How would it be possible to perform this interpreter restart programatically?

I am installing packages using a function call, based on requirements stored on a separate file, but I noticed that newly installed packages are not present, despite the installation seemingly taking place, either on notebook or cluster scope. I figured out that the reason might be the lack of interpreter restart from my installation code.

Is such a behavior possible?

Akmal Miah · Accepted Answer · 2023-02-03 09:28:06Z

5

you can use this:

dbutils.library.restartPython()

for more info look at https://learn.microsoft.com/en-us/azure/databricks/dev-tools/databricks-utils#dbutils-library-restartpython

answered Feb 3, 2023 at 9:28

Akmal Miah

591 silver badge2 bronze badges

Sign up to request clarification or add additional context in comments.

Comments

desertnaut · Accepted Answer · 2024-09-17 21:32:52Z

1

Firstly, you can preinstall packages at cluster level or job level before you even start the notebook. I would recommend that before you try anything else. Trust me I've run thousands of libraries including custom built ones and have never needed to-do this.

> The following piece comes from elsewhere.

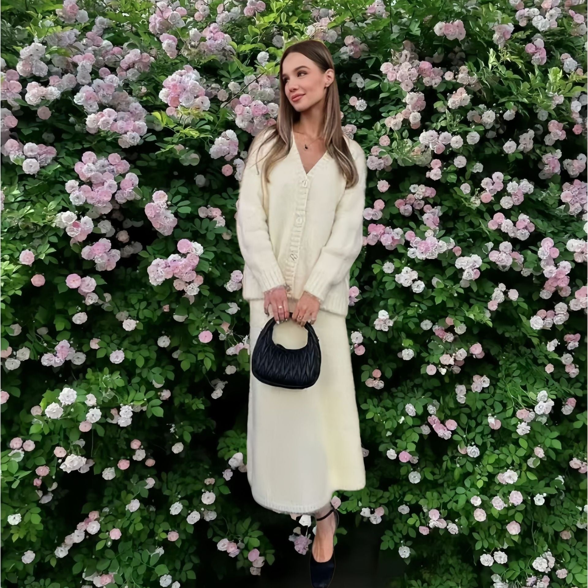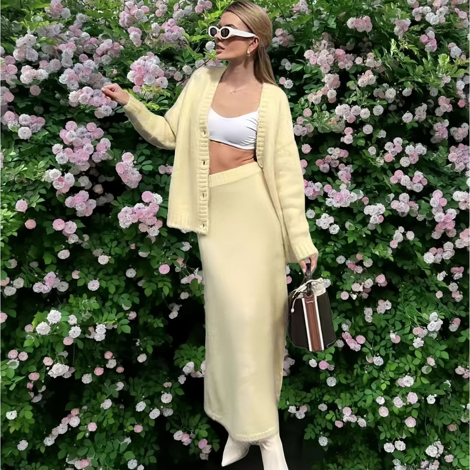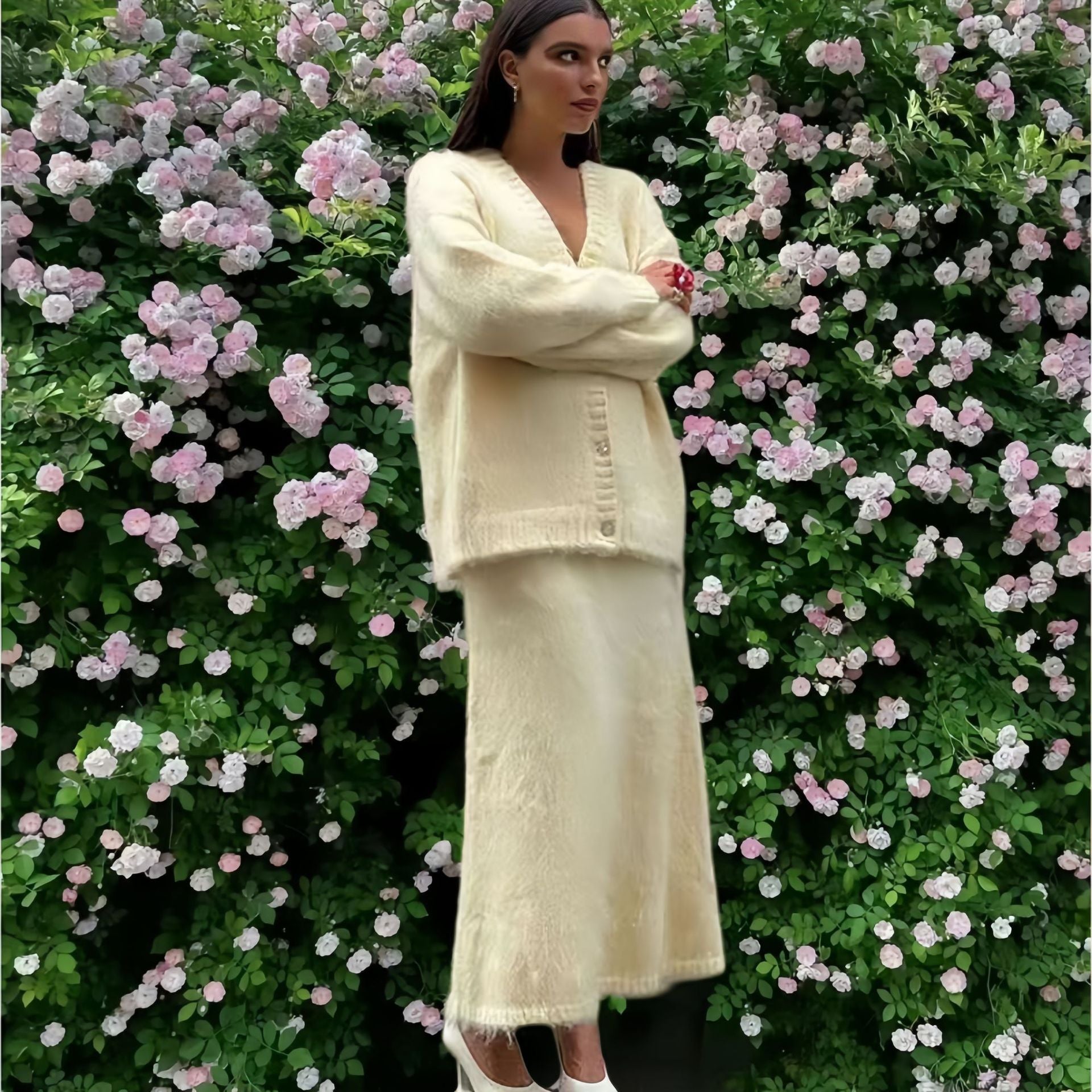Eelegante gebreide V-hals trui of vest plus rok set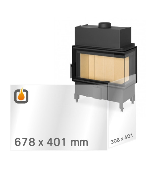 Die Ersatzt-Feuerfestprismenscheibe der Stärke 4mm mit den Maßen 678 x 401 mm und 308 x 401 mm für Kamineinsatz HEAT R/L 2G S 70.44.33.23.

On to your actual question. Yes but it will throw an exception.

This code will cause you to kill the python process on your DBX workspace

%sh

pid=$(ps aux | grep PythonShell | grep -v grep | awk '{print $2}')
kill -9  $pid

However, it poses a problem for you. If you run this as a bash notebook cell this will not be wrappable in try catch logic which makes automated workflows impossible.

I would have said you can call the shell commands from python but that wouldn't work as the exception would be thrown in that cell. You could perhaps use scala and sys_process library to achieve it but I'm no scala expert sadly.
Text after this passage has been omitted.